The album starts off with "Wesley's Theory," in which Lamar cites actor Wesley Snipes' conviction for income tax evasion as a premonition for rising African American stars, and "King Kunta" -- a reference to Kunta Kinte, the slave immortalized by Alex Haley's 1976 historical novel "Roots" and a popular television miniseries.
"Now I run the game / Got the whole world talkin' / King Kunta / Everybody wanna cut the legs off him," Lamar raps.
But for Lamar, standing strong does not mean running from racial stereotypes. He instead lays out some of the most offensive slurs with a sense of contemplated provocation.
"I'm African American / I'm African / I'm black as the moon," he raps on "The Blacker the Berry."
"My hair is nappy / My dick is big / My nose is round and wide / You hate me, don't you?/ You hate my people / Your plan is to terminate my culture," he raps. "I want you to recognize that I'm a proud monkey."
- Surprise early release -
"To Pimp a Butterfly," Lamar's first studio album in nearly three years, had been set for release on March 23 after an extensive promotion campaign but unexpectedly came out late Sunday.
The album becomes the latest major release to go on sale early.
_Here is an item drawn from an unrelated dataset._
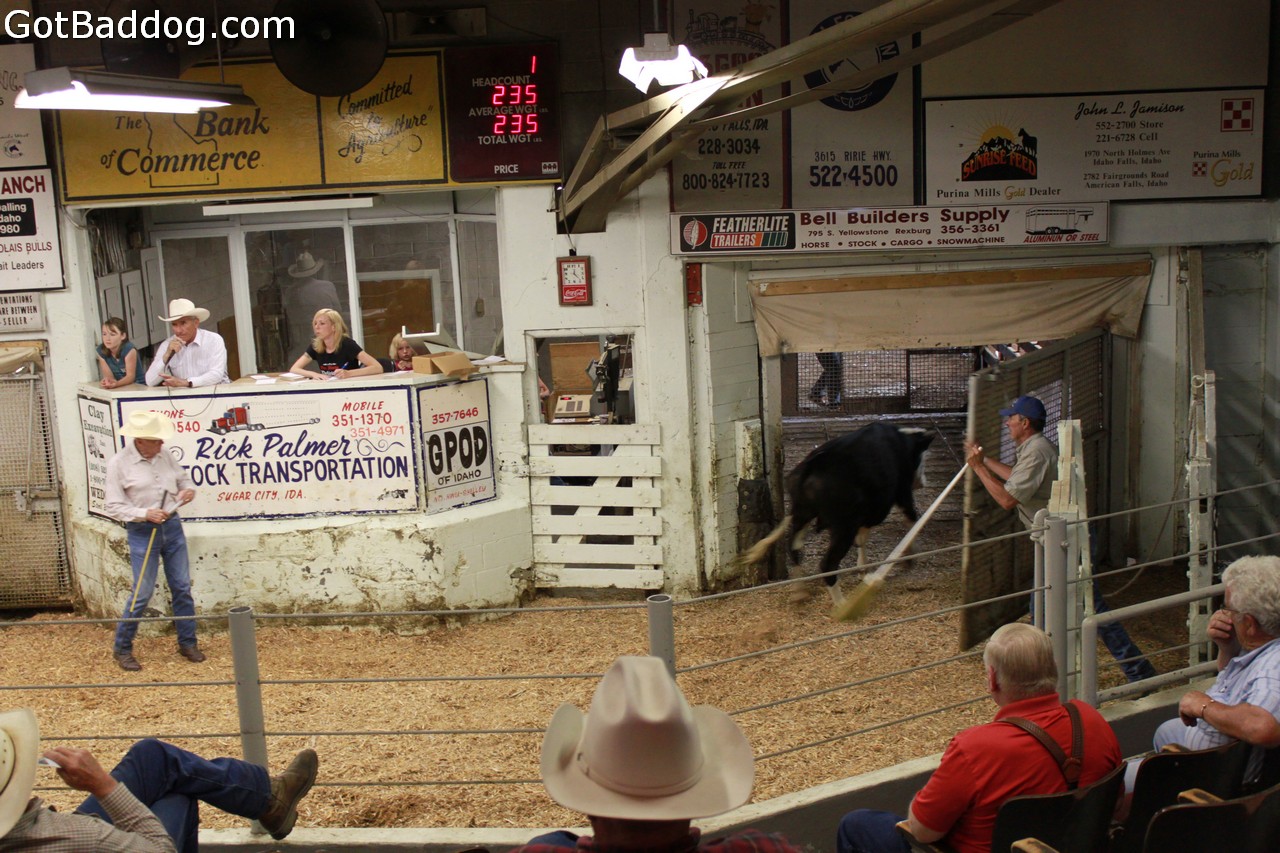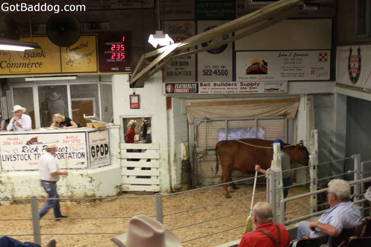 We woke up Wednesday in Jackson Hole, WY. I had less than 40 hours before I had to be at LAX to pick up Tanya. Home was about 1,000 miles from here, if we took the long way. It should not be a problem. It was very overcast in Jackson Hole, but that made for some great photo ops when we got to the mountains overlooking the Snake River and what I think was Swan Valley. We headed into Idaho Falls, where I got to attend my first live cattle auction. After leaving the auction we found out where Idaho Falls got its name. Totally unexpected, but very cool.
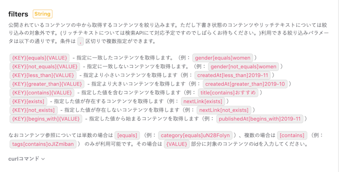 [contains] や [begins_with] のようにfiltersにはいくつかの使えるパラメータがあります。それぞれについて使用例を見ていきましょう。

Bjork and Madonna both released ahead of schedule all or part of albums slated for March release months ahead of time after versions leaked online.
Anthony "Top Dawg" Tiffith, whose independent TDE label is putting out Lamar's album with Interscope, said that the blame lay with the larger record company which put out "To Pimp a Butterfly" early by accident.
In expletive-laden tweets, Tiffith demanded that Interscope punish whoever was responsible.
- Finding inner strength -
The album is also brash in its artwork, with a cover featuring 12 men or boys crowded together on the South Lawn of the White House, crushing a gavel-wielding judge.
Lamar mocks Washington politicians with the names of gangs in his native Los Angeles, berating them as "DemoCrips and ReBloodlicans" and declaring: "They give us guns and drugs, call us thugs."
But underneath the album's bravado lies an introspection. Lamar -- who unlike so many rappers has had few brushes with the law -- repeatedly raps about overcoming depression and finding self-love.
On "Mortal Man," Lamar speaks of his survivor's guilt at escaping the inner-city only to be embroiled at what he described as a new struggle against discrimination.
The struggle is part of the central metaphor of "To Pimp a Butterfly," a play on the title of Harper Lee's classic novel of racial injustice, "To Kill a Mockingbird."
Lamar explains that a caterpillar "is a prisoner to the streets that conceived it," yet the butterfly represent the beauty that comes out of it.
"Although the butterfly and the caterpillar are completely different, they are one and the same."